On a tant écrit sur la crise de 1929 que son sujet n’apporte que peu de chose à ce qui était dit, décortiqué, analysé. Combien d’économistes, de banquiers, d’universitaires se sont penchés sur cette crise, combien de milliers de livres et d’articles ont été publiés et pourtant aujourd’hui même, et souvent lors des grandes crises, la crise de 1929 revient d’actualité. Et toutes les sciences économiques et financières ne sont pas arrivées à épuiser le sujet. Un sujet qui non seulement historiquement revêt une importance particulière dans l’évolution de l’humanité mais a été la clé de voûte dans la transformation du monde.

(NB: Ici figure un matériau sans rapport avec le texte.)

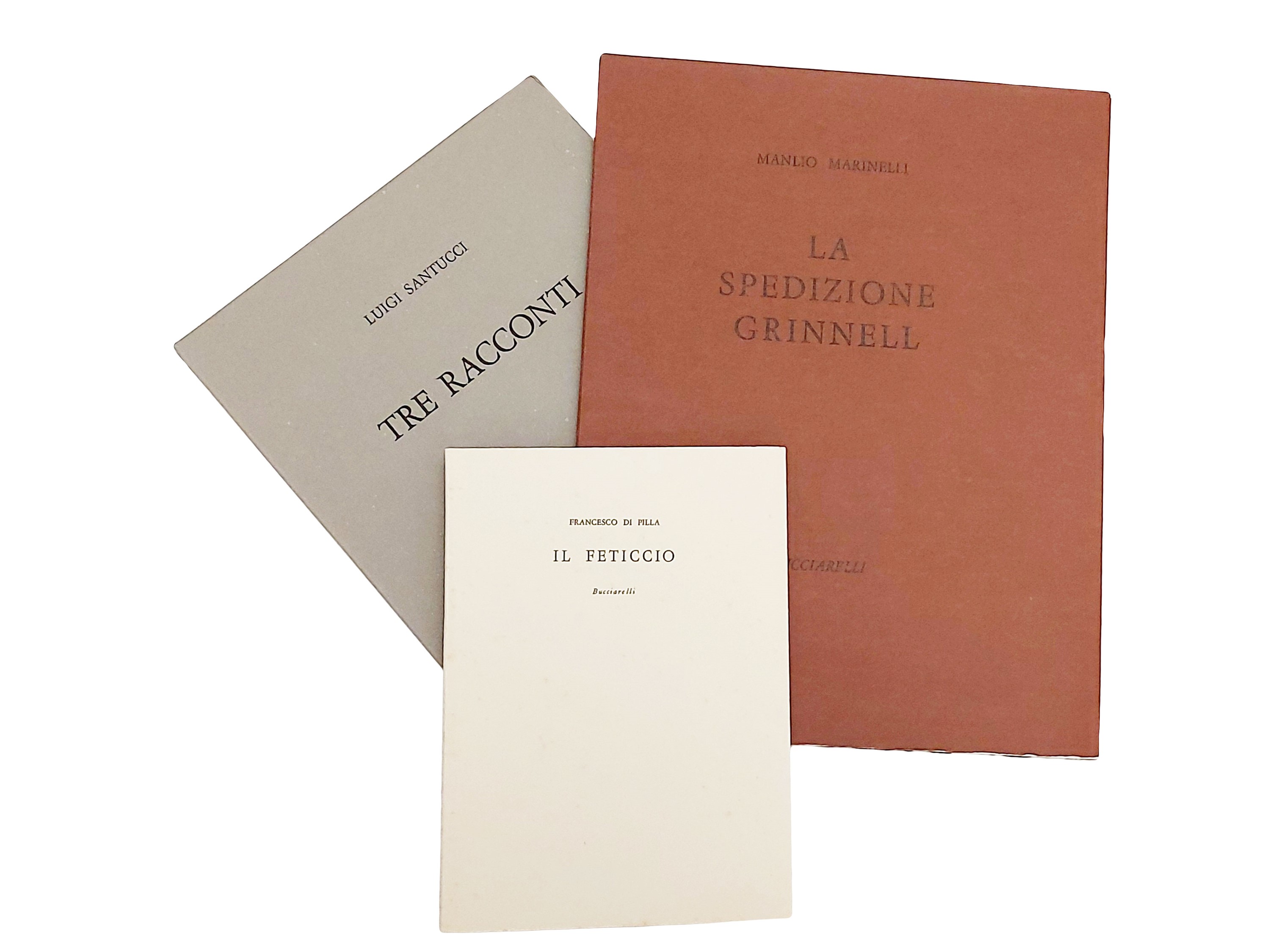 - Luigi Santucci, Tre racconti, Bucciarelli, 1970, 28 p. (260x180 mm). Con due acqueforti (180x110 mm), numerate e firmate, di Bruno Saetti, stampate al torchio con fondino giallo. Es. n. 7/150 carta di Fabriano filigranata “Umbria”. Lievi fioriture ai
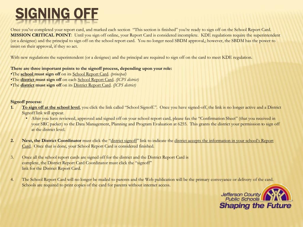 Signing off • Once you’ve completed your report card, and marked each section “This section is finished” you’re ready to sign off on the School Report Card. • MISSION CRITICAL POINT: Until you sign off online, your Report Card is considered incomplete. KDE regulations require the superintendent (or a designee) and the principal to sign off on the school report card. You no longer need SBDM approval,; however, the SBDM has the power to insist on their approval, if they so act. • With new regulations the superintendent (or a designee) and the principal are required to sign off on the card to meet KDE regulation. • There are three important points to the signoff process, depending upon your role: • The school must sign off on its School Report Card. (principal) • The district must sign off on each School Report Card. (JCPS district) • The district must sign off on its District Report Card. (JCPS district) • Signoff process: • To sign off at the school level, you click the link called “School Signoff.”. Once you have signed-off, the link is no longer active and a District Signoff link will appear. • After you have reviewed, approved and signed off on your school report card, please fax the “Confirmation Sheet” (that you received in your SRC packet) to the Data Management, Planning and Program Evaluation at 6255. This grants the district your permission to sign off at the district level. • Next, the District Coordinator must click the “district signoff” link to indicate the district accepts the information in your school’s Report Card. Once that is done, your School Report Card is considered finished. • Once all the school report cards are signed off for the district and the District Report Card is • complete, the District Report Card Coordinator must click the “signoff” • link for the District Report Card. • The School Report Card will no longer be mailed to parents and the Web publication will be the primary conveyance or delivery of the card. Schools are required to print copies of the card for parents without internet access.
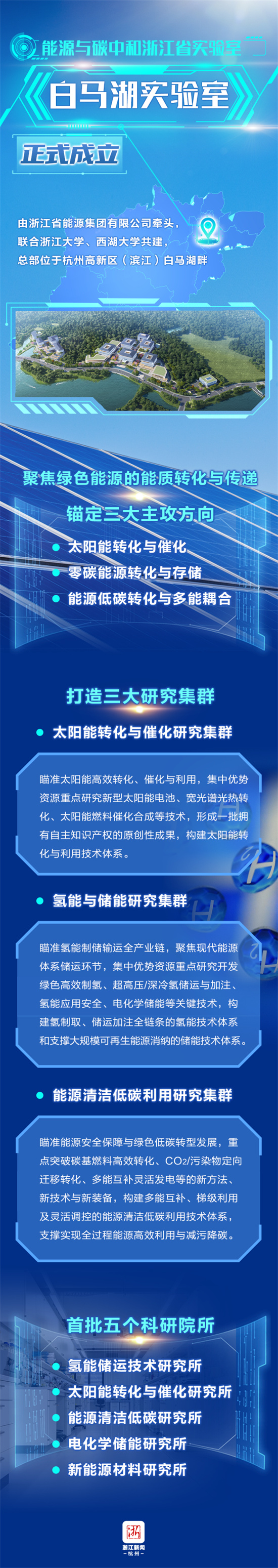 白马湖实验室由浙江省能源集团牵头,联合浙江大学、西湖大学共建,地方政府及国资国企支持,民资民企参与,将瞄准世界能源科技发展前沿,立足浙江产业需求,对接国家重大战略,承接国家重大任务,“碳”寻能源之道,以能源领域科技创新厚植动能、制胜未来,聚焦绿色能源的能质转化与传递,围绕太阳能转化与催化、零碳能源转化与存储、能源低碳转化与多能耦合等方向开展研究,着力破解能源领域重大科学问题、突破关键技术,构建多元协同发展的清洁能源供应体系,推动产业绿色低碳转型,保障能源安全。
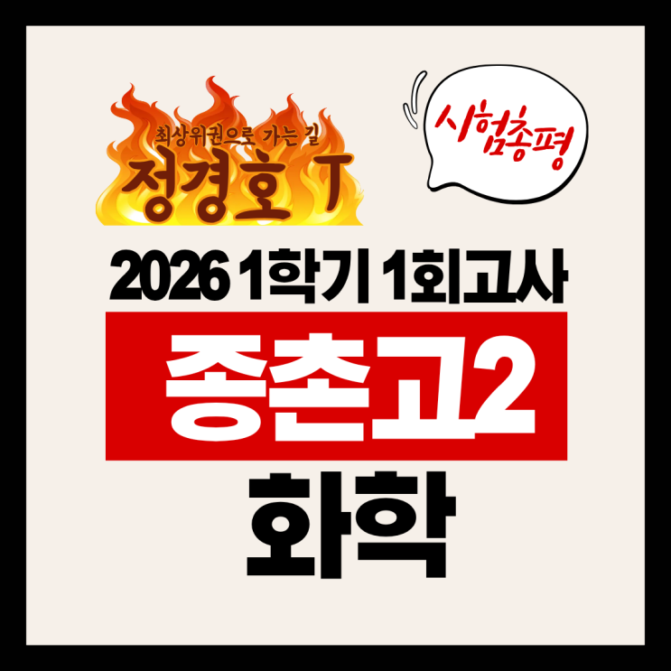 종촌고등학교 화학 1학기 중간고사가 마무리되었습니다. 끝까지 성실히 시험 대비에 임한 친구들 모두 고생 많았습니다 이번 종촌고 화학 시험은 특정 단원에 치우치지 않고. 전 범위에서 고르게 출제되었습니다. 난이도 역시 쉬운 문제부터 까다로운 문제까지 균형 있게 구성되어, 1~2 등급 학생들의 실력 차이가 비교적 분명하게 드러나는 시험이었습니다. 이번 종촌고 화학 시험의 출제 경향 이번 종촌고 화학 시험은 밸런스가 중요했습니다. 세 가지가 모두 갖춰진 학생만 안정적으로 1등급을 받을 수 있는 시험이었습니다. 수강생 성취 현황 정경호 T 클래스에서는 기본 개념을 정확히 다지는 것은 물론 수준 있는 문제를 제한 시간 안에 빠....... <img src="https://blogthumb.pstatic.net/MjAyNjA0MjZfMTA3/MDAxNzc3MTk1Mzk3NTc2.fSfqOpj-2Jb_jn2nuMJjYxF8fYDC4lNkthl5f50xWQcg.qme1yJbAqLSJfQ22hThTtCpPLe9C9h9sQWU8wsxbjTgg.PNG/1.png?type=s3" />

La crise de 1929 n’a pas été seulement la plus grave une crise économique que l’humanité ait connue, dépassant de loin les crises qui ont suivi, dont les crises monétaires et pétrolières des années 1970, des années 1980, 1990 et la dernière, la crise de 2007-2008. Il n’y a aucune comparaison possible entre la crise de 1929 et les crises qui ont suivi. Certes les crises contemporaines ont joué un rôle considérable dans le développement du monde, mais la « crise de 1929 » a été exceptionnelle. Doit-on dès lors l’affubler de « crise des crises », ou de « crise-mère » ? Il est évident que ce n’est là qu’une question de sémantique. Toute crise joue un rôle historique dans l’histoire. Sauf que la crise de 1929 a eu un bien plus grand rôle, elle a été un des moteurs de l’histoire, on peut même dire que ce moteur a été central dans l’accouchement du monde d’aujourd’hui. Une crise qui n’est pas sortie ex nihilo mais était déjà « comptabilisée par l’Histoire », par « le tribunal du monde ». Et l’homme n’en savait rien ! Comment comprendre alors que cette crise, malgré nos contradictions, peut être assimilée quand même à une « crise-mère », à la « crise des crises » qui a donné cette humanité d’aujourd’hui ? Qu’elle n’est pas sortie ex nihilo, et si elle a pris au dépourvu les puissances occidentales qui régnaient, à cette époque, sur l’ordre du monde, cela a été par méconnaissance du sens des crises. Pour comprendre, faisons parler l’Histoire !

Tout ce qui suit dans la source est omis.